(Data excerpts)
───
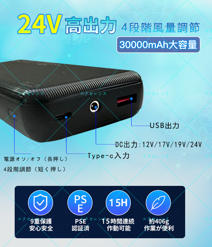 | 商品説明 | ★【セット内容】 30000mAhバッテリー*1、 ファン*2 、 DC接続ケーブル*1、 接続ケーブル*1 。 ★【24V超高出力&作業服専用 ファンバッテリーセット】夏最新、空調作業服ファンは航空力学を応用した流線型3枚大面積羽根が搭載して、風の抵抗を35%低減し、風が中心に集まり直進性が高く、パワフルな風を生み出します。30000mAh大容量専用バッテリーが搭載され、ワンボタンで12V-17V-19V-24Vに4段階切り替えるだけでなく、同類製品に比べると24V最強風量モードでもパワーが一定で、風量が弱くならないでずっと115リットル/秒で服内に暴風を送ります。真夏のべたつく汗、焼けつくような日差し対策として活躍します。 ★【24V超高出力&30000mAh大容量&4段階風量調】24V高出力バッテリーは、暑い夏の作業環境を一変するパワフルな大風量を実現!更に、30000mAhの大容量があり、24Vで10~12時間まで連続稼働できます。驚くほどの爆風が、より長時間維持できます。 DCケーブルで作業服ファとバッテリーを接続して、バッテリーの電源ポタンを押すと、12V-17V-19V-24Vの順番に調整できます。 ★【取り付け簡単】ファン取り付け部の直径サイズは9cmで、市販の90%の空調作業服、空調ベスト、空調パンツに対応でき、互換性が非常に高いです。何の道具も使わず、両手で空調作業服ファンカバーを回すだけで、2秒で簡単にファンカバーを取り外すことができます。ケーブルの接続不良はファンの電力供給が不安定で自動的にオフになるが、この新型扇風機にはプラグ固定用のフックを追加して、プラグをしっかり固定することができ、接続が緊密になり、ファンへの給電がもっと安定となります。アウトドア、ガーデニング、倉庫作業、農作業、建築現場、運送業などの作業着としてはもちろん暑さ対策ウェアとしても完璧です。 |
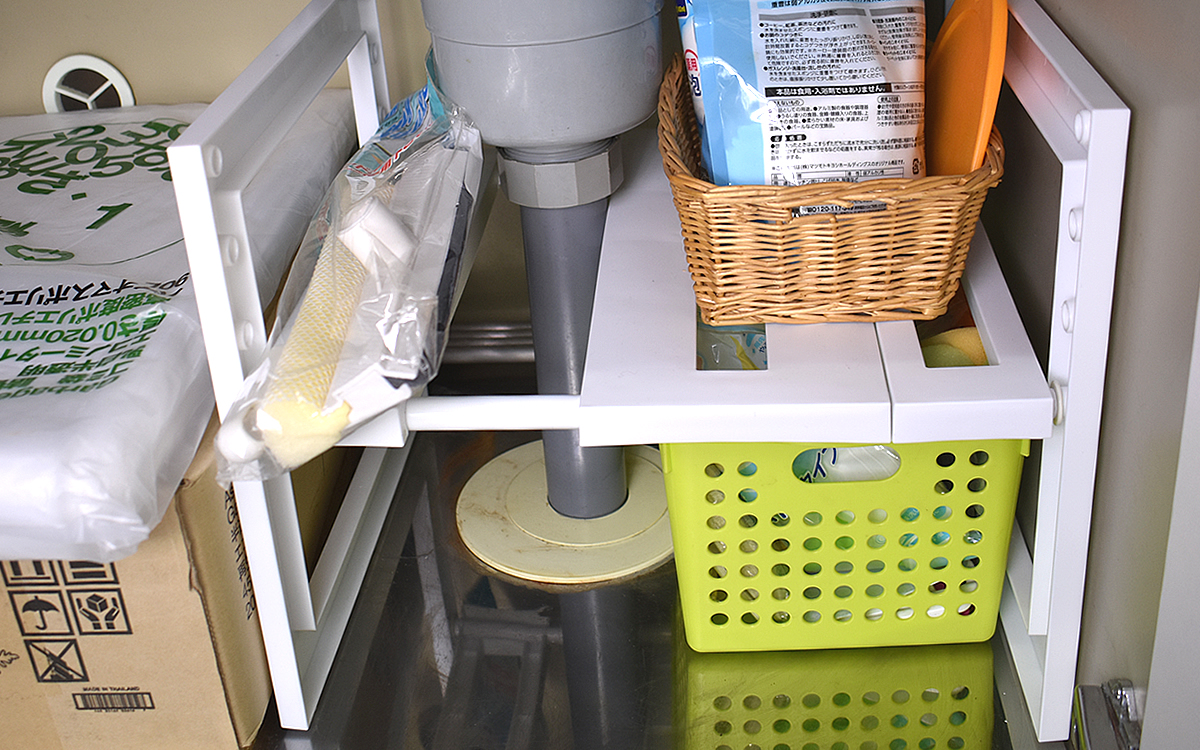 排水トラップに邪魔されず、収納スペースの有効活用を叶える「伸縮フリーラック クラネ」。同商品を使えば、きっとあなたも収納上手の仲間入りです!
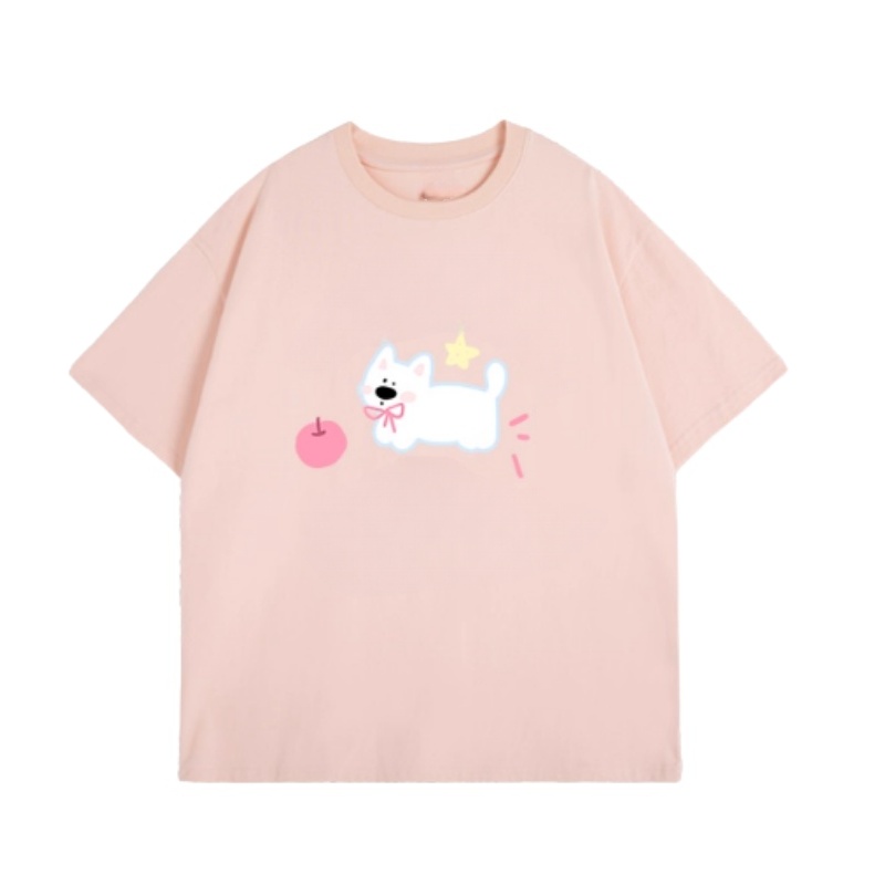 Cute Puppy Print T-Shirt Pink
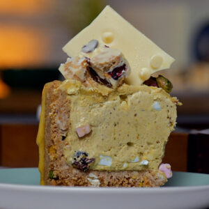 Filling: white chocolate and pistachio cheesecake with mini marshmallows, mixed dried berries, whole pistachio’s
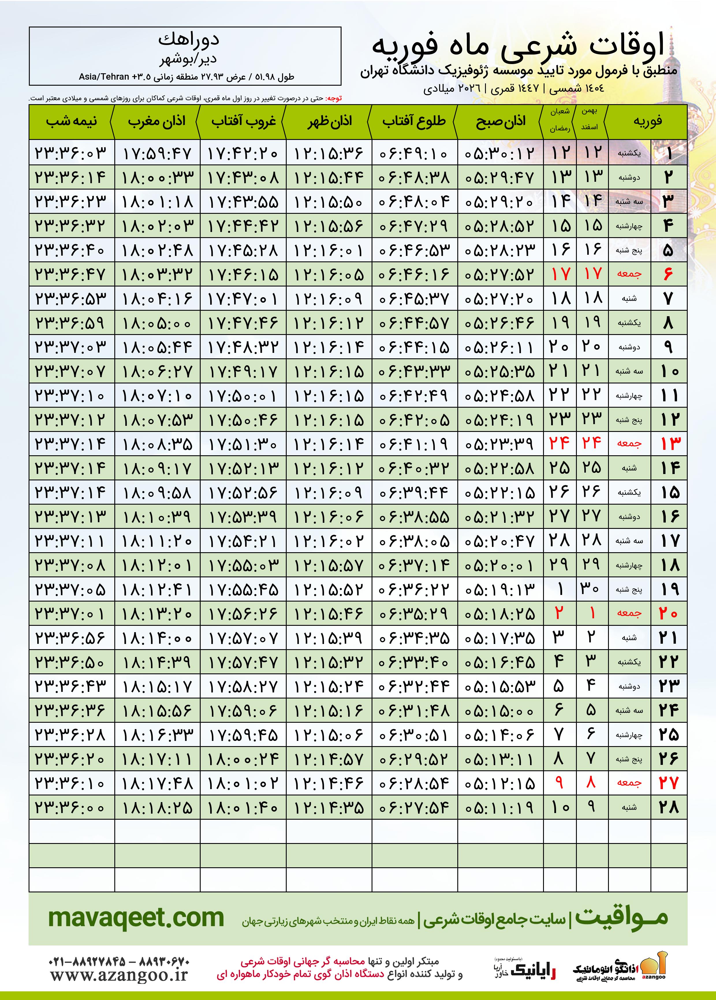 دانلود اوقات شرعی ماه رمضان ٠٤ - ١٤٠٤ شمسی | ٢٠٢٦ میلادی | ١٤٤٧ قمری شهر دوراهک
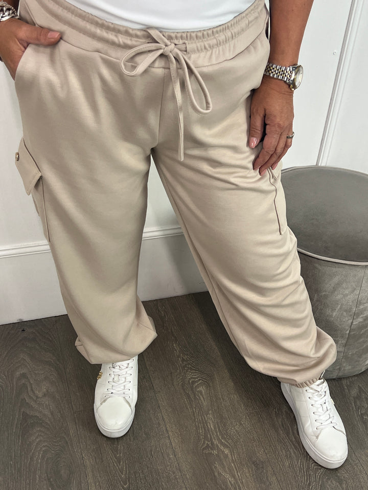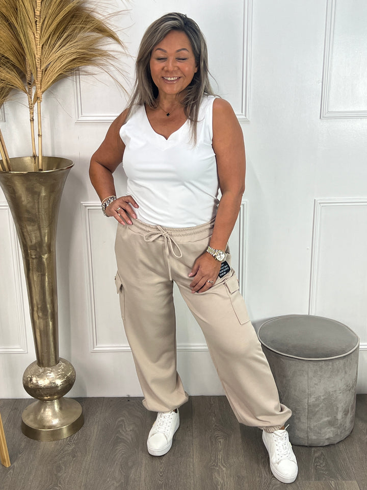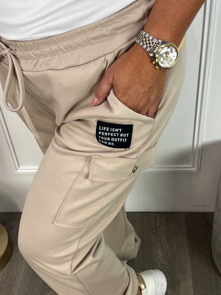 - Model: Trendy cargo broek met embleem. Stoer én comfy! Deze cargo broek heeft een relaxte pasvorm met elastische taille en handige zakken. Op de broek zit een speels embleem met de tekst “Life isn’t perfect but your outfit can be”.
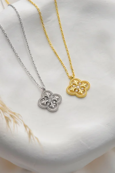 925 Ayar Gümüş Dört Yapraklı Çiçek Kolye
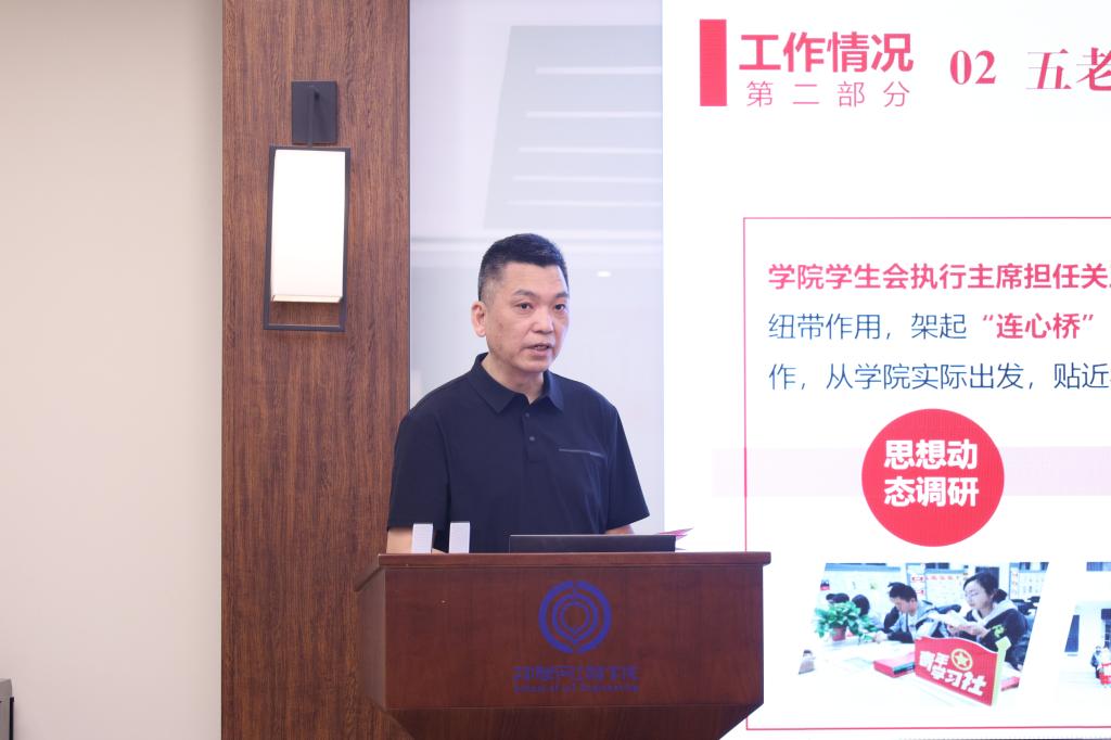 张华围绕“领导班子建设好、五老作用发挥好、制度建设执行好、积极探索创新好、活动经常效果好”五个方面,详细汇报了学院关工委的建设情况,对关工委老同志们长期以来对学院工作的关心支持和悉心指导表示衷心感谢,并结合学院实际提出了今后工作的思路与方向。
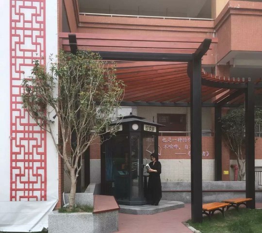 朗讀亭,座落在學(xué)校科學(xué)樓前的東邊草坪邊上,外形似復(fù)古電話亭,溫暖大氣,讓人神往。它占地約2平方米,可謂麻雀雖小五臟俱全——專業(yè)的音響系統(tǒng)、電子屏幕、氛圍燈光一應(yīng)俱全,系統(tǒng)自帶大量的數(shù)字朗讀資源:每學(xué)期必讀書籍中的某些篇章或古詩(shī)詞,語(yǔ)文教材中的某篇課文及節(jié)選,以及教育部推薦的網(wǎng)絡(luò)閱讀平臺(tái)中的中華經(jīng)典等多種類型的書目供選擇。每位朗讀者進(jìn)門后對(duì)著麥克風(fēng)就可以開(kāi)始朗讀自己心目中的好文章。
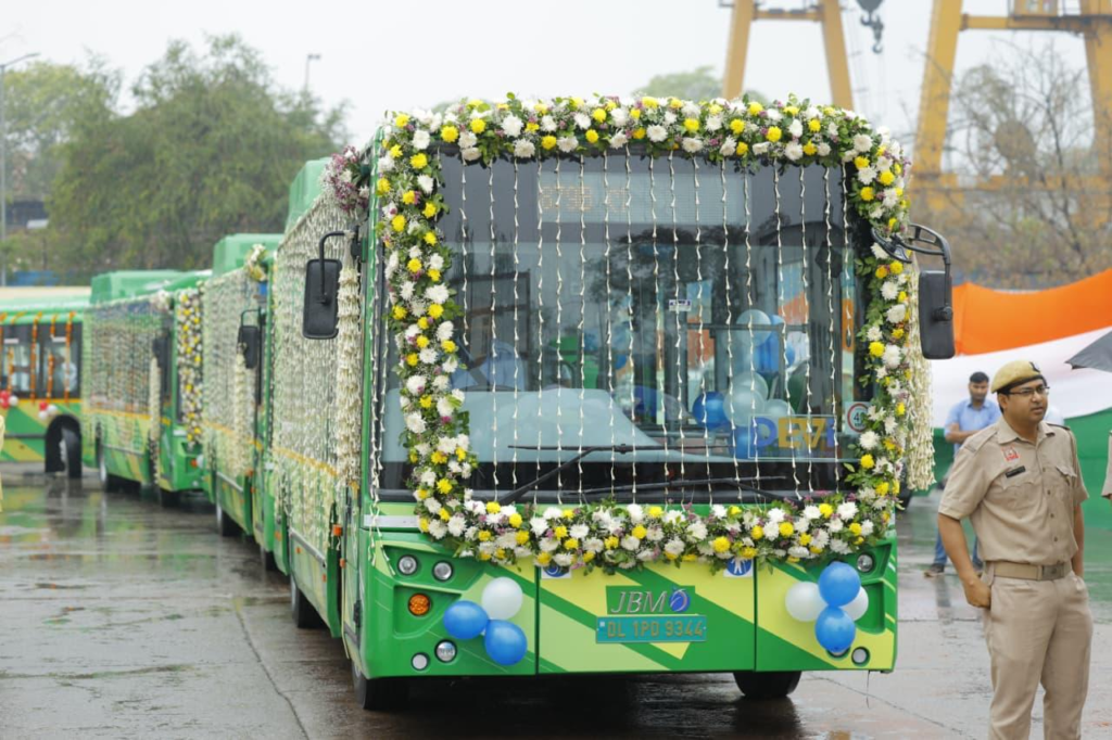- The Delhi government has taken several major steps to make public transport more modern, clean and convenient. As part of this effort, the Chief Minister flagged off 300 new zero-emission electric buses. These buses are low-floor and air-conditioned, and come equipped with CCTV cameras, panic buttons, real-time tracking and facilities for persons with disabilities. With their induction, Delhi has become the city with the largest electric bus fleet in the country, and the government aims to scale this up to around 14,000 buses by 2028–29.
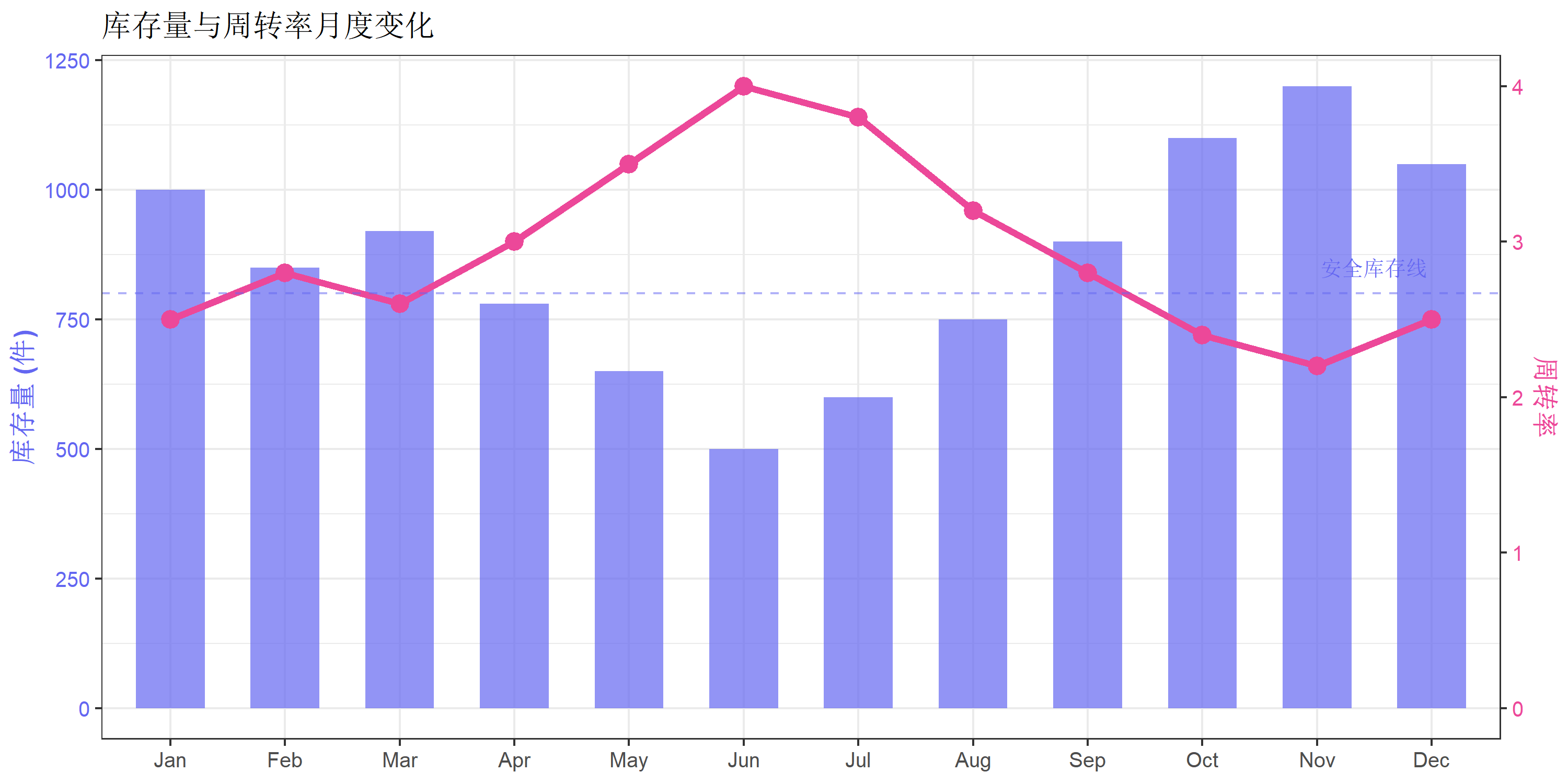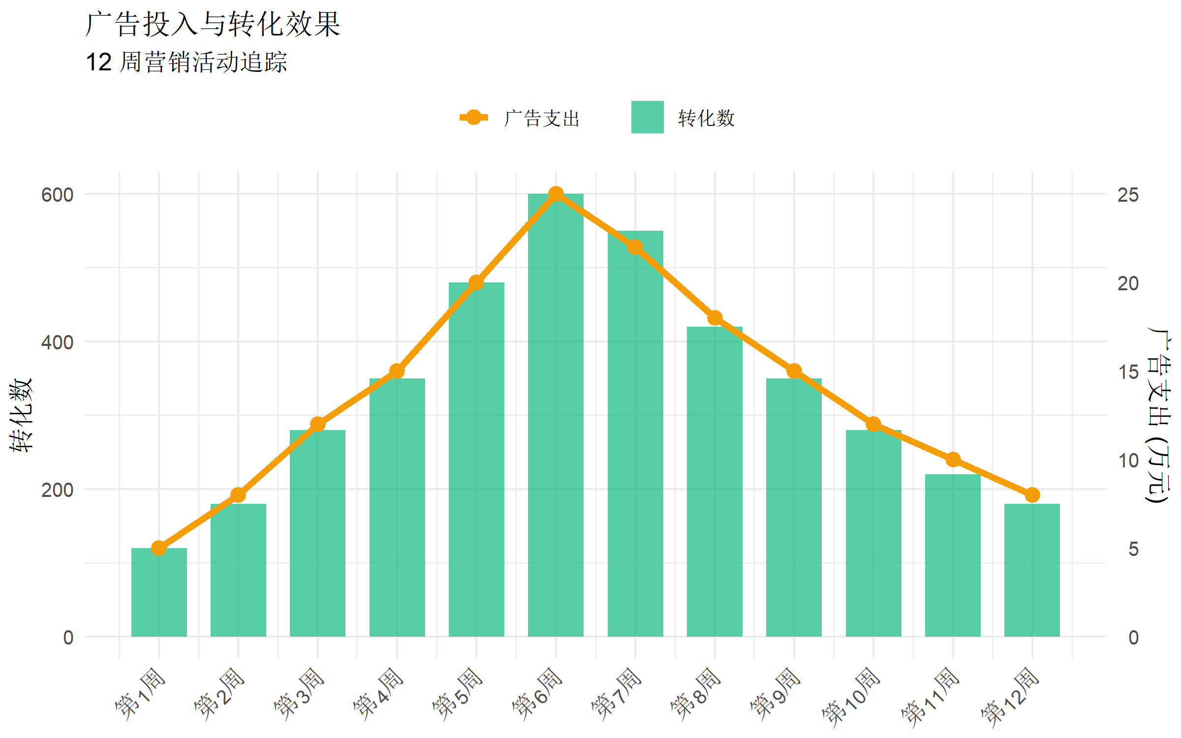 - 右 Y 轴(次轴):展示次要变量,量纲可能不同
───
→ **PROBLEM DESCRIPTION**
Write out the entries above verbatim, without pictures.

→ **WRITTEN SOLUTION**
 | 商品説明 | ★【セット内容】 30000mAhバッテリー*1、 ファン*2 、 DC接続ケーブル*1、 接続ケーブル*1 。 ★【24V超高出力&作業服専用 ファンバッテリーセット】夏最新、空調作業服ファンは航空力学を応用した流線型3枚大面積羽根が搭載して、風の抵抗を35%低減し、風が中心に集まり直進性が高く、パワフルな風を生み出します。30000mAh大容量専用バッテリーが搭載され、ワンボタンで12V-17V-19V-24Vに4段階切り替えるだけでなく、同類製品に比べると24V最強風量モードでもパワーが一定で、風量が弱くならないでずっと115リットル/秒で服内に暴風を送ります。真夏のべたつく汗、焼けつくような日差し対策として活躍します。 ★【24V超高出力&30000mAh大容量&4段階風量調】24V高出力バッテリーは、暑い夏の作業環境を一変するパワフルな大風量を実現!更に、30000mAhの大容量があり、24Vで10~12時間まで連続稼働できます。驚くほどの爆風が、より長時間維持できます。 DCケーブルで作業服ファとバッテリーを接続して、バッテリーの電源ポタンを押すと、12V-17V-19V-24Vの順番に調整できます。 ★【取り付け簡単】ファン取り付け部の直径サイズは9cmで、市販の90%の空調作業服、空調ベスト、空調パンツに対応でき、互換性が非常に高いです。何の道具も使わず、両手で空調作業服ファンカバーを回すだけで、2秒で簡単にファンカバーを取り外すことができます。ケーブルの接続不良はファンの電力供給が不安定で自動的にオフになるが、この新型扇風機にはプラグ固定用のフックを追加して、プラグをしっかり固定することができ、接続が緊密になり、ファンへの給電がもっと安定となります。アウトドア、ガーデニング、倉庫作業、農作業、建築現場、運送業などの作業着としてはもちろん暑さ対策ウェアとしても完璧です。 |
 排水トラップに邪魔されず、収納スペースの有効活用を叶える「伸縮フリーラック クラネ」。同商品を使えば、きっとあなたも収納上手の仲間入りです!
 Cute Puppy Print T-Shirt Pink
 Filling: white chocolate and pistachio cheesecake with mini marshmallows, mixed dried berries, whole pistachio’s
 دانلود اوقات شرعی ماه رمضان ٠٤ - ١٤٠٤ شمسی | ٢٠٢٦ میلادی | ١٤٤٧ قمری شهر دوراهک
 - Model: Trendy cargo broek met embleem. Stoer én comfy! Deze cargo broek heeft een relaxte pasvorm met elastische taille en handige zakken. Op de broek zit een speels embleem met de tekst “Life isn’t perfect but your outfit can be”.
 925 Ayar Gümüş Dört Yapraklı Çiçek Kolye
 张华围绕“领导班子建设好、五老作用发挥好、制度建设执行好、积极探索创新好、活动经常效果好”五个方面,详细汇报了学院关工委的建设情况,对关工委老同志们长期以来对学院工作的关心支持和悉心指导表示衷心感谢,并结合学院实际提出了今后工作的思路与方向。
 朗讀亭,座落在學(xué)校科學(xué)樓前的東邊草坪邊上,外形似復(fù)古電話亭,溫暖大氣,讓人神往。它占地約2平方米,可謂麻雀雖小五臟俱全——專業(yè)的音響系統(tǒng)、電子屏幕、氛圍燈光一應(yīng)俱全,系統(tǒng)自帶大量的數(shù)字朗讀資源:每學(xué)期必讀書籍中的某些篇章或古詩(shī)詞,語(yǔ)文教材中的某篇課文及節(jié)選,以及教育部推薦的網(wǎng)絡(luò)閱讀平臺(tái)中的中華經(jīng)典等多種類型的書目供選擇。每位朗讀者進(jìn)門后對(duì)著麥克風(fēng)就可以開(kāi)始朗讀自己心目中的好文章。
- The Delhi government has taken several major steps to make public transport more modern, clean and convenient. As part of this effort, the Chief Minister flagged off 300 new zero-emission electric buses. These buses are low-floor and air-conditioned, and come equipped with CCTV cameras, panic buttons, real-time tracking and facilities for persons with disabilities. With their induction, Delhi has become the city with the largest electric bus fleet in the country, and the government aims to scale this up to around 14,000 buses by 2028–29.
 - 右 Y 轴(次轴):展示次要变量,量纲可能不同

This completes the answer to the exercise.